La Despedida de Solteros (el final)


Me llevé una buena sorpresa al acercarme a la casa que habíamos alquilado con Pablo para vivir y escuchar música a todo volumen que provenía desde adentro. Pensé que iban a salir “de putas” con sus amigos y no quedarse encerrados allí, seguramente a emborracharse. Algo en mi interior me dijo que tocara el timbre en lugar de abrir la puerta con mis llaves, pero entonces pude escuchar claramente a pesar de la música: "por fin llegó la puta!!!" "llévenlo a la piezao!!!"
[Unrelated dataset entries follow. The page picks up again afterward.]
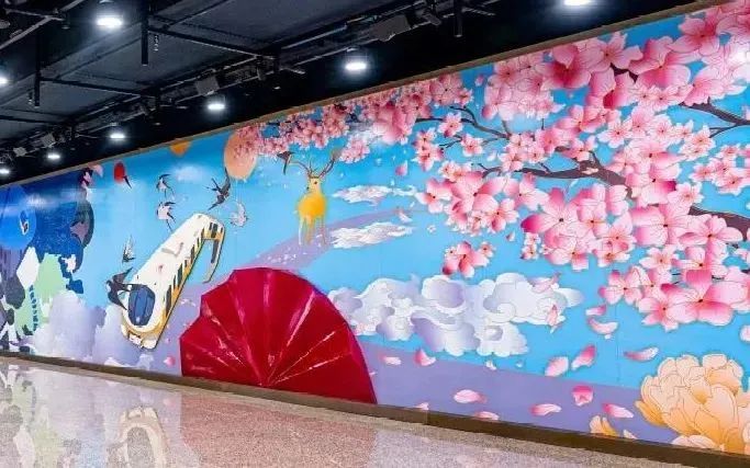 一幅超长的“春暖花开燕归来”壁画墙徐徐展开,妥妥的是开往春天的列车!眼看就到樱花季了,一起来打卡吧!
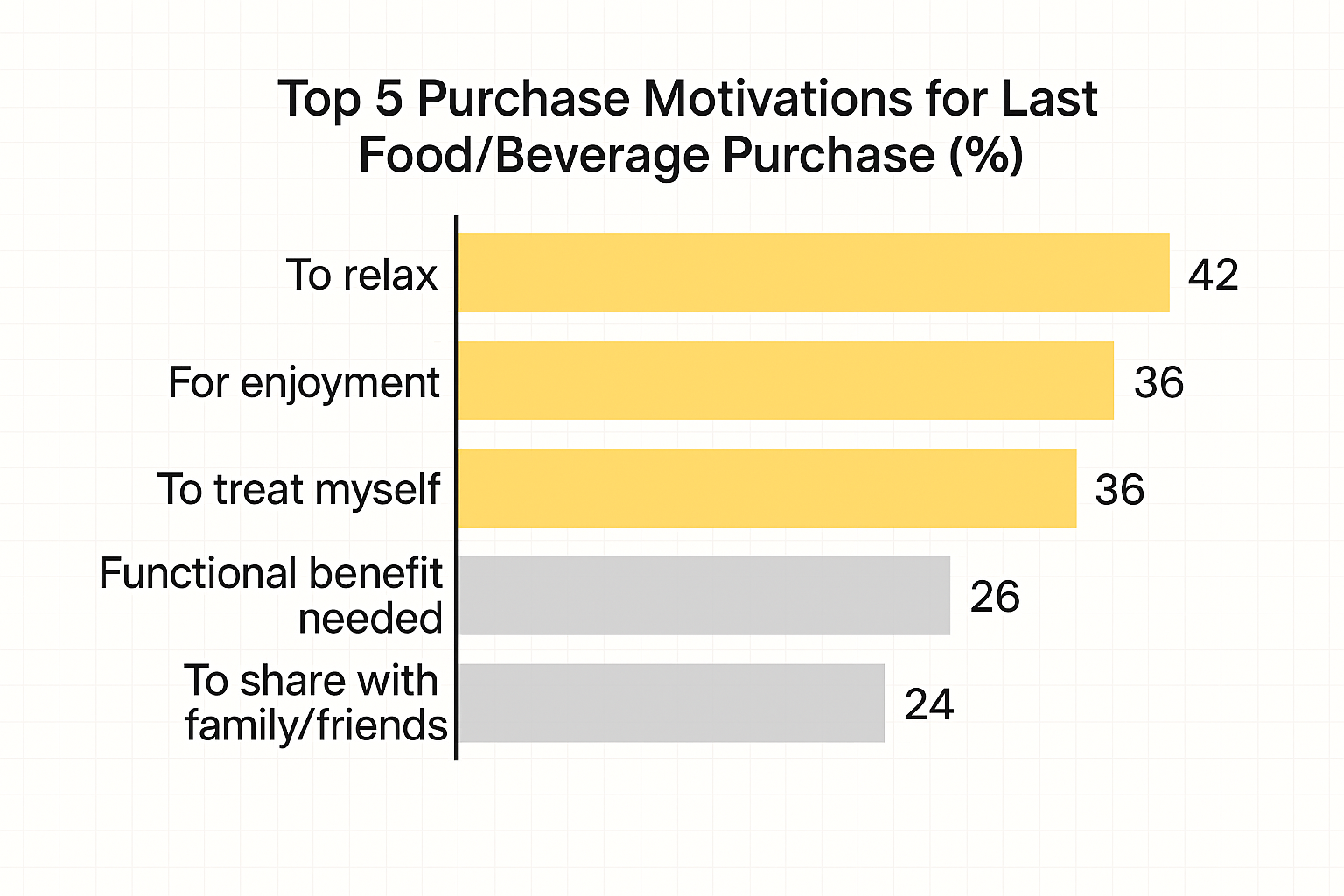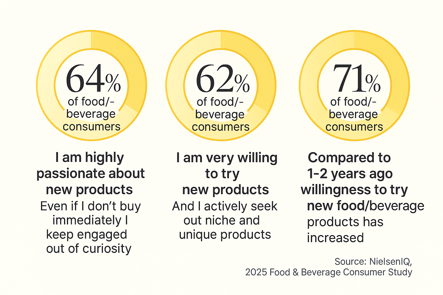 F&B consumption is also extending into content-rich experiences and social value, serving as “visible lifestyle statements” and “recognizable emotional signals.” NielsenIQ’s 2025 survey found that 65% of consumers are willing to engage with and co-create new F&B products on social platforms, while 26% buy novelties specifically to share within their social circles.
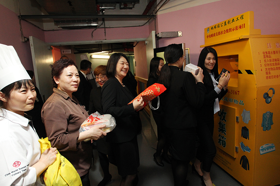 2月至4月收集箱摆放国贸大酒店期间,酒店先后组织了三次集中捐赠。每一次捐赠前都做了充分的动员和宣传工作。从捐赠箱落地到暂别,酒店都举办了简单庄重的仪式。在众人见证下投放物品的那一刻,参与者能深深感受到奉献的荣光和快乐;而捐赠箱位置的便利性也让大家在日常中体会到举手之劳献爱心的乐趣。
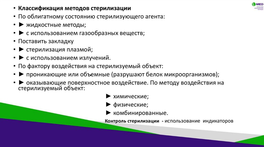 • Классификация методов стерилизации• По облигатному состоянию стерилизующего агента:
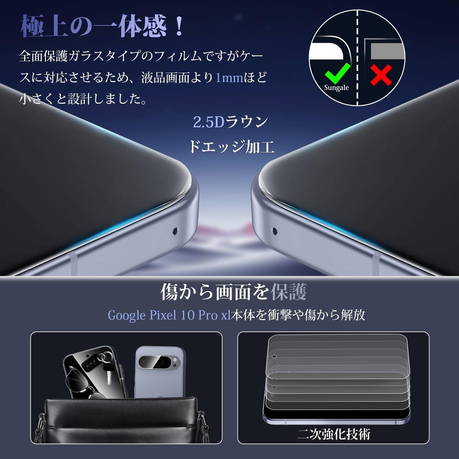 【在庫処分】Sungale Google Pixel 10 Pro XL ガラスフィルム Pixel10 Pro XL フィルム 2枚+Pixel10 Pro XL カメラフィルム2枚 指紋認証対応 Pixel 10 ProXL ガラスフィルム 強化ガラス 全面保護 旭硝子製素材 レンズ保護 グーグルピクセル10Pro XL 保護フィルム ケース対応 高光沢 Google Pixel 10 Pro XLフィルム
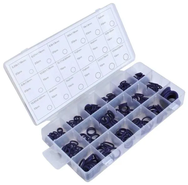 Professional automotive O-ring assortment with 17 metric sizes and 410 pieces in convenient organizer box.
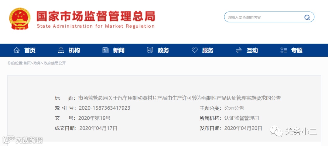 根据《国务院关于调整工业产品生产许可证管理目录加强事中事后监管的决定》(国发〔2019〕19号)要求,市场监管总局对汽车用制动器衬片产品由生产许可转为强制性认证(CCC认证)管理。为确保CCC认证实施顺利,工作衔接平稳有序,现将有关要求公告如下:
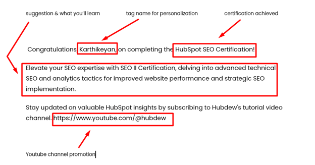 - Provide guidance on the next certification or course the individual can pursue. (You can refer to HubSpot Academy for detailed information). Ensure your suggestion aligns with their latest achievement.
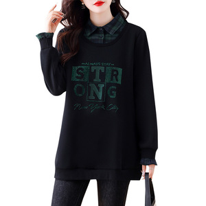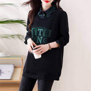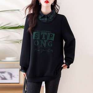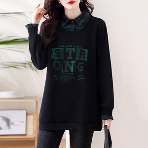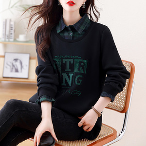 2025春秋季新款加肥加大韩版翻领假两件遮肉格子拼接洋气卫衣女
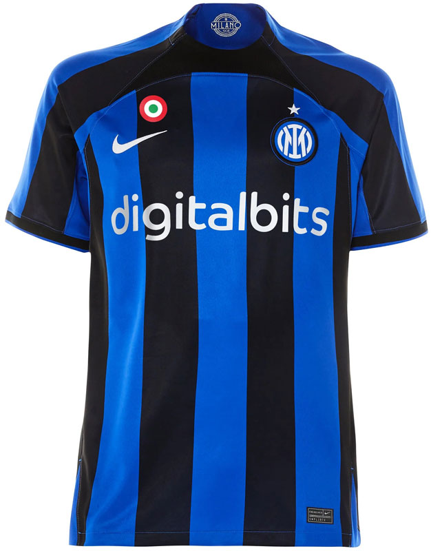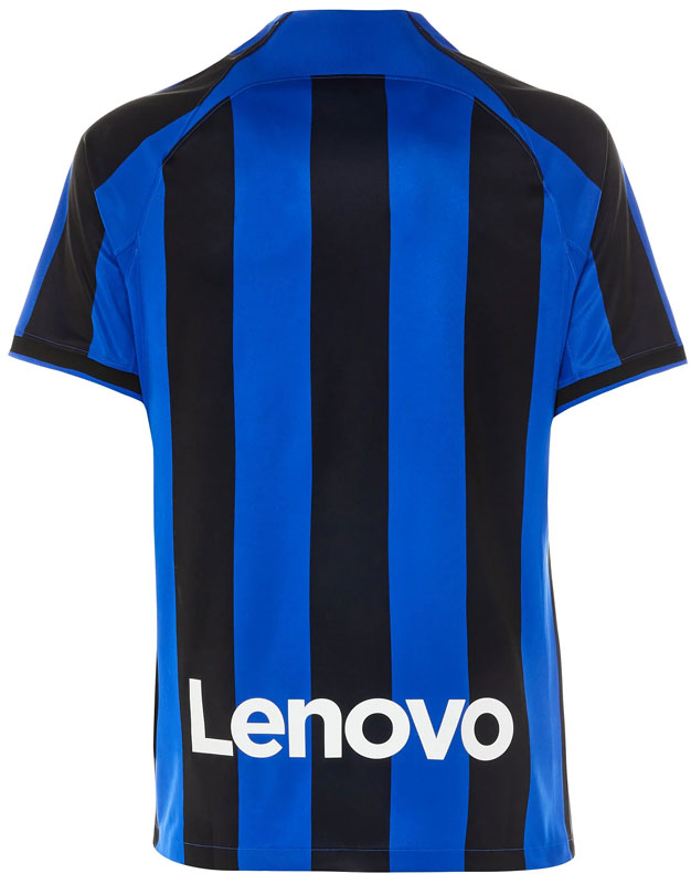 22-23新ホームユニフォームは、インテルの伝統的なネッラズーリ(黒と青)のストライプを採用。胸のスポンサーは、ローマと同じブロックチェーン企業の「Digitalbits」に変更となった。腰部分には「Lenovo」のロゴを掲出。

Cuando me abrieron la puerta, se quedaron todos con la boca abierta, se agarraban la cabeza, algunos trataron de explicarme lo inexplicable. Mi cara lo decía todo, estaba furiosa, quería matarlo ahí mismo, quería humillarlo delante de sus amigos, tal como estaba humillada yo en ese momento. Así que entré y les dije: “así que quieren una puta, van a tener una puta entonces”. Con mi ropa bien ajustada le daba la razón a mis palabras. Muchos de los amigos de mi futuro marido me tenían ganas, me desnudaban con la mirada, me miraban la cola al pasar, seguramente Pablo les contaría algunas intimidades.

Así que acercándome a uno de ellos le pregunté donde estaba escondido mi futuro maridito, recibiendo como respuesta que lo habían atado a una silla en nuestra habitación. Les dije entonces que le vendaran los ojos y se prepararan para el espectáculo.
Accedieron al instante y cuando estaba todo listo me dirigí a la habitación. Ahí en el centro estaba sentado Pablo maniatado, vendado y completamente desnudo, con su linda verga ya bastante dura, aunque todavía no demasiado erecta. Apenas me oyó entrar comenzó a protestar, pidiendo a sus amigos que le quitaran la venda, porque quería ver el material que se iba a comer, a lo que nadie le respondió.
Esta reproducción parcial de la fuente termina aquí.